Solved – Using nls() function in R for exponential function

nlsrtime series

I know that this issue was already discussed here but I faced with the problem I can't solve. I have list of persons, each represented with some time series consisting from 4-8 points. I want to approximate them all with the function $y=a\cdot x^2\cdot exp(-bx)+c$.
Thus for each person I am going to find his own "a", "b" and "c".
For most of them next code works very good:

res=nls(p2[,2] ~ c+a*I(p2[,1]^2)*exp(b*p2[,1]),start=list(a=0.005,b=-0.005,c=5))

However for some persons these starting values don't work, R returned "Missing value or an infinity produced when evaluating the model" or "singular gradient matrix at initial parameter estimates". For some of these people these starting values worked:

res=nls(p2[,2] ~ c+a*I(p2[,1]^2)*exp(b*p2[,1]),start=list(a=0.1,b=-0.02,c=5))

Could anybody give any clear suggestion how to choose starting points for all the people I consider?
I tried to use tryCatch to try different staring values and find those which work but another problem appeared:
this code
nls(p2[,2] ~ c+a*I(p2[,1]^2)*exp(b*p2[,1]),start=list(a=5,b=0,c=5))
led to:

        a         b         c 
 -0.00166  -0.00269 140.87366 

while
nls(p2[,2] ~ c+a*I(p2[,1]^2)*exp(b*p2[,1]),start=list(a=0.1,b=-0.02,c=5))
led to

      a       b       c 
 0.2024 -0.0251 47.7811 

So by choosing different starting values we have different answers.
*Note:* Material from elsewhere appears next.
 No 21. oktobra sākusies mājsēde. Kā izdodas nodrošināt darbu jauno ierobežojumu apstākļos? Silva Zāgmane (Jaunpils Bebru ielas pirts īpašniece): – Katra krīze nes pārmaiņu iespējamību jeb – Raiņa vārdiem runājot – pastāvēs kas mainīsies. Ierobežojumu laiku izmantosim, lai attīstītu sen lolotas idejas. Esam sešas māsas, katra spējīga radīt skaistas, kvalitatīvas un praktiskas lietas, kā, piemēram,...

How can this happen? I thought that since NLS function is quadratic, it can't have more than 1 extremum…
Do you have any suggestions about how should I proceed in this situation?

Best Answer

Non-linear least squares solves $min_\beta \sum (y_i-f(x_i;\beta))^2$. This is quadratic in $\beta$ if $f$ is linear in $\beta$. Your $f$ is not linear in $\beta$, so the NLS objective function is not quadratic in $\beta$. Of course, you don't need the function to be quadratic to guarantee convergence to a unique minimum, rather you need $min_\beta \sum (y_i-f(x_i;\beta))^2$ to be convex in $\beta$. Presumably, with your $f$, the NLS objective function is not convex. It doesn't look, to me, like the kind of $f$ which generates a convex objective function. That's pretty much the explanation. You can have lots of minima or one minimum.
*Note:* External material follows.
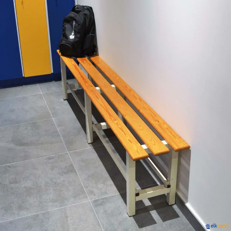 Banco de balneário completo sobre estrutura metálica, com tábuas de pinho, encosto, plataforma superior e cabides.

If I were fitting the function that you are, I would use an entirely different approach. I would not just blindly use NLS. If you look carefully at your function, $f(x_i;\beta)=a*x_i^2exp(-bx_i)+c$ it is almost linear in the parameters. If you fixed $b$ at some value, say 0.1, then you could fit $a$ and $c$ by OLS: \begin{align} y_i &= a*x_i^2exp(-0.1x_i)+c \\ &= a*z_i+c \end{align} The variable $z_i$ is defined $z_i=x_i^2exp(-0.1x_i)$. This means that, once you have picked $b$, the optimal value of $a=\widehat{Cov}(y,z)/\hat{V}(z)$ and the optimal value of $c=\overline{y}-a*\overline{z}$.

So what, right? At the very least, this is how you should pick starting values for $a$ and $c$. But, really, this reduces the search for optimal parameters to a one dimensional search over $b$. With a modern computer, one dimensional searches are fast and easy. If you have some idea of what reasonable values for $b$ are, then you can just define an interval $[b_{low},b_{high}]$ and grid search for the b which gives the lowest sum of squared errors. Then use that $b$ and its associated optimal $a$ and $c$ to start NLS from.

Or, you could do something more sophisticated. Suppose you are searching over $b$, using the optimal $a(b)$ and $c(b)$ from OLS. Then the NLS objective function is $\sum \left(y_i - f(x_i;a(b),b,c(b))\right)^2$. The envelope theorem makes the derivative of this very easy to calculate: \begin{align} \frac{d}{d b} \sum \left(y_i - f(x_i;\beta)\right)^2 &= \sum 2\left(y_i - f(x_i;\beta)\right)\frac{d}{d b}f(x_i;\beta)\\ &= \sum 2\left(y_i - f(x_i;\beta)\right)(-abx_i^2exp(-bx_i)) \end{align}

So, you can easily write a function to calculate the NLS objective function for any given $b$ and you can easily write a function to calculate the derivative of the NLS objective function for any $b$. These two ingredients are enough to get a optimizer going on your function. Then, after you find the optimal $b$, just run NLS with that $b$ and its associated optimal $a$ and $c$. It will converge in one iteration.